For extra credit or a more polished project, consider adding:

* **Long Conversation Support:** Maintain chat history so the assistant can handle follow-up questions that refer to earlier parts of the conversation.
* **Notion Enhancements:** Tag or categorize summaries in Notion (e.g. by topic or source). Include previews or first lines of the content in the synced page. Generate a meaningful title for each entry.
* **UI Improvements:** Build a simple frontend (e.g. with Streamlit, Gradio, or a web app) so users can interact without CLI. The UI could record voice input, show the conversation transcript, and embed the Notion page link.
* **Additional Features:** Experiment with multi-source search (combining different databases), improve ASR accuracy (handle noise or different accents), or use a better TTS voice for output. Any enhancements that make the assistant more useful or user-friendly are welcome.

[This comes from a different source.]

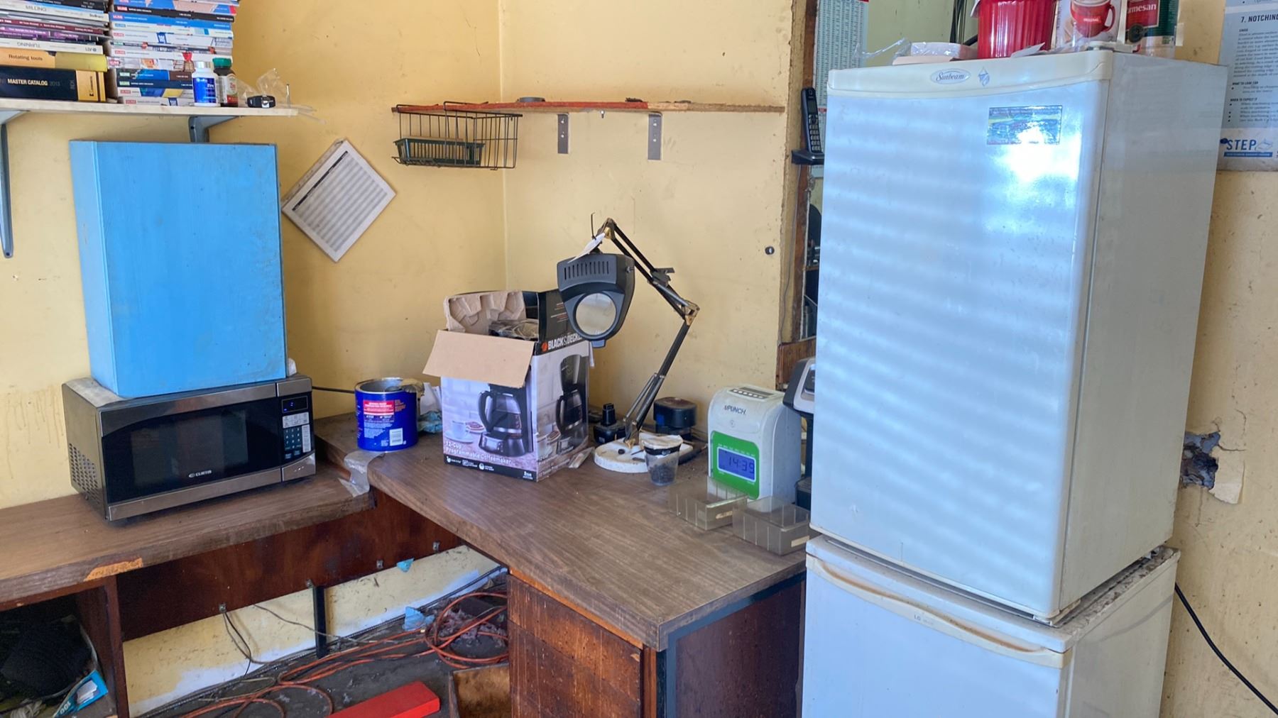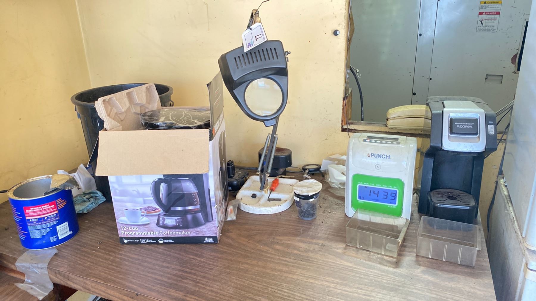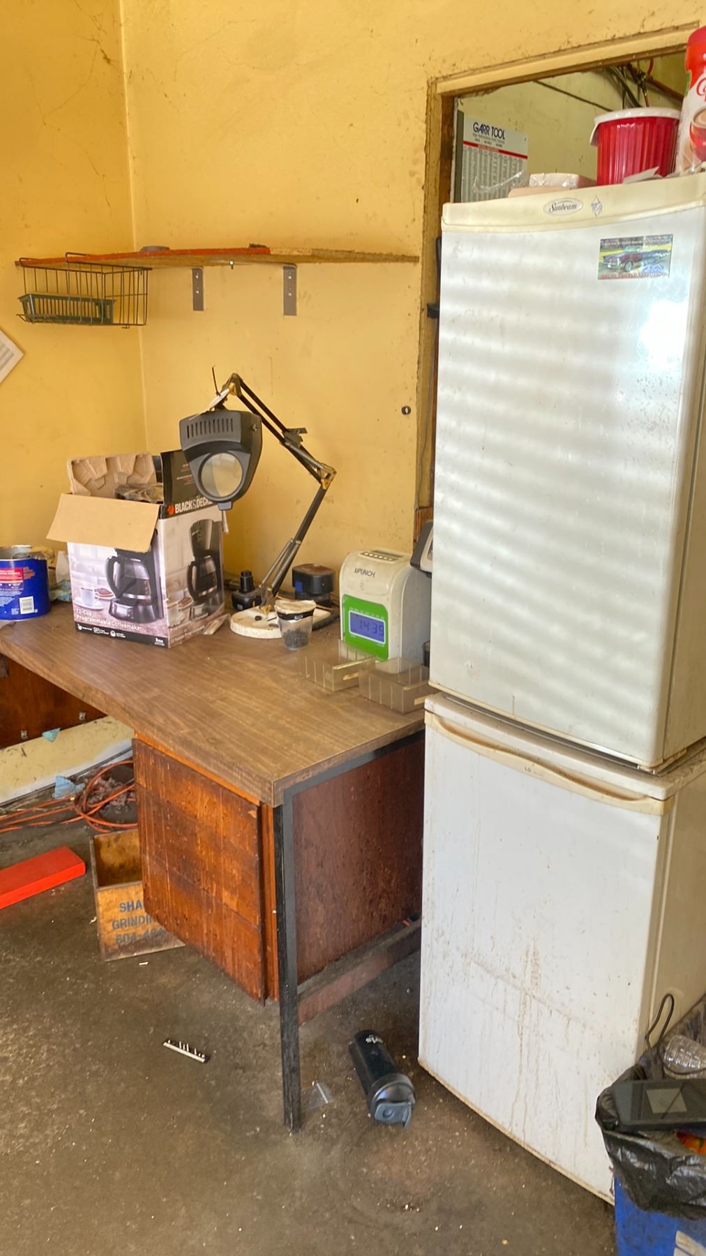 TWO SMALL COMPACT BAR FRIDGES TWO COFFEE MAKERS, TIME CLOCK PUNCH, MAGNIFYING LAMP AND MICROWAVE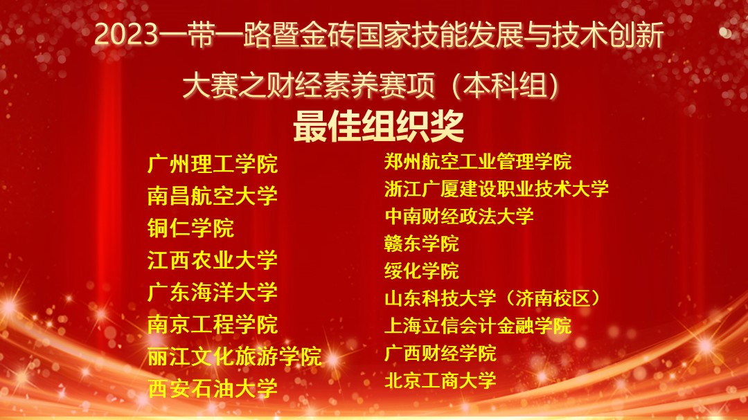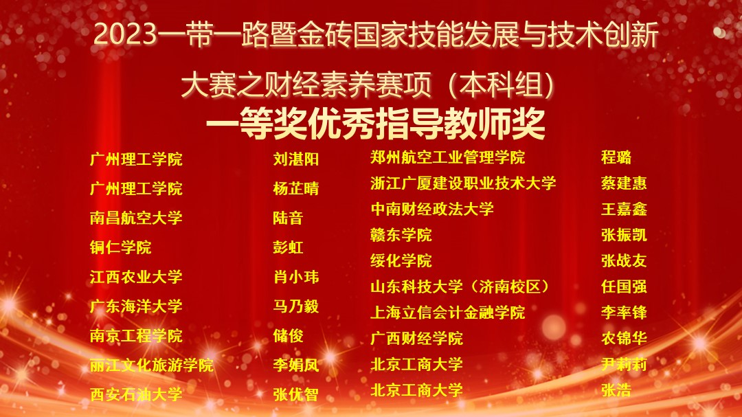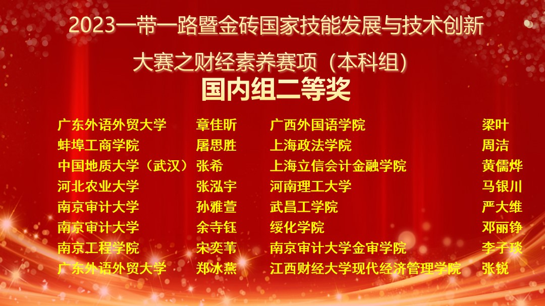 2023年11月26日,“2023一带一路暨金砖国家技能发展与技术创新大赛之财经素养赛项(本科组)”总决赛在中南财经政法大学举办,来自国内77所本科院校及国际组百余名选手参加了比赛。经过激烈角逐,由我院李率锋老师任指导教师、汪晓林老师领队的团队成员赵昊冉、黄儒烨分别荣获大赛(国内组)一等奖、二等奖,李率峰老师荣获“一等奖优秀指导教师”称号,同时我校也被授予“最佳组织奖”。

**Hints:** Make sure to test each component separately first (e.g. whisper transcription, search function, summarizer) before integrating. Keep the code modular so you can easily swap or update parts. Good luck building your AI research assistant!

**References:** For example usage of Whisper ASR and summarization pipelines, see the Whisper GitHub and Hugging Face docs. For TTS, Python’s `pyttsx3` is one option. (These are just for guidance on usage; focus on stitching the components together as described.)